High-Efficiency Biolistic Device for Brain Transfection

用于脑转染的高效基因枪装置

• 批准号: 7010713
• 负责人: DONALD C LO
• 金额: $ 17.39万
• 依托单位: DUKE UNIVERSITY
• 依托单位国家: 美国
• 财政年份: 2005
• 资助国家: 美国
• 起止时间: 2005-02-01 至 2008-01-31
• 项目状态: 已结题
• 来源: https://reporter.nih.gov/project-details/7010713
• 关键词: DNA; albino rat; biomedical equipment development; biotechnology; brain; gene delivery system; gene expression; high throughput technology; immature animal; sectioning; tissue /cell culture; transfection

device, based on particle-mediated gene transfer (or 'biolistics'), for the identification and validation of candidate therapeutic drugs and targets. The tremendous pace at which new genomic and proteomic technologies are advancing and generating new information regarding the normal and pathological brain has created a major bottleneck in translational neuroscience, namely, the ability to physiologically validate new candidate therapeutic targets upon which to base target-driven efforts in medicinal chemistry. In this context, a major technological rate-limiting step has been the difficulty of manipulating the expression of genes and proteins in neural disease-specific experimental systems based on bona fide, postmitotic neurons, ranging from primary cultures to tissue explant models. In preliminary experiments, we have demonstrated that a neural transfection approach based on particle-mediated gene transfer, or biolistics, can be used to screen DMA-based and chemical libraries at medium-throughput levels in disease-specific models created in living brain slices.
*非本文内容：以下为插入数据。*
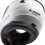 mentre le imbottiture laterali sono fissate alla calotta tramite magneti, per una rimozione più rapida e semplice. RAPID FF353 è dotato anche di un para-nuca sulla parte inferiore posteriore del casco, in grado di garantire una maggiore protezione al collo in caso di situazioni pericolose ma, allo stesso tempo, pronto a garantire un appoggio confortevole per una guida sempre in totale relax. Sicurezza e comfort sono espresse anche dal cinturino in metallo inforzato, con chiusura a sgancio rapido e regolazione micrometrica.

We propose here to develop a new particle acceleration-based technology to increase transfection efficiency and throughput by 10-fold or more. Such an improved and affordable biolistic device would allow laboratory groups of standard size to embark upon high-content, functional screening and validation experiments in neural cells and tissues using the mass of genomic and proteomic information now available. The Research Plan has 3 specific aims: Specific Aim1: To develop a new and highly efficient particle-acceleration transfection device. Specific Aim 2: To determine workable ranges of shooting parameters for the new device. Specific Aim 3: To evaluate the efficiency and effectiveness of the new biolistic device with respect to existing technology.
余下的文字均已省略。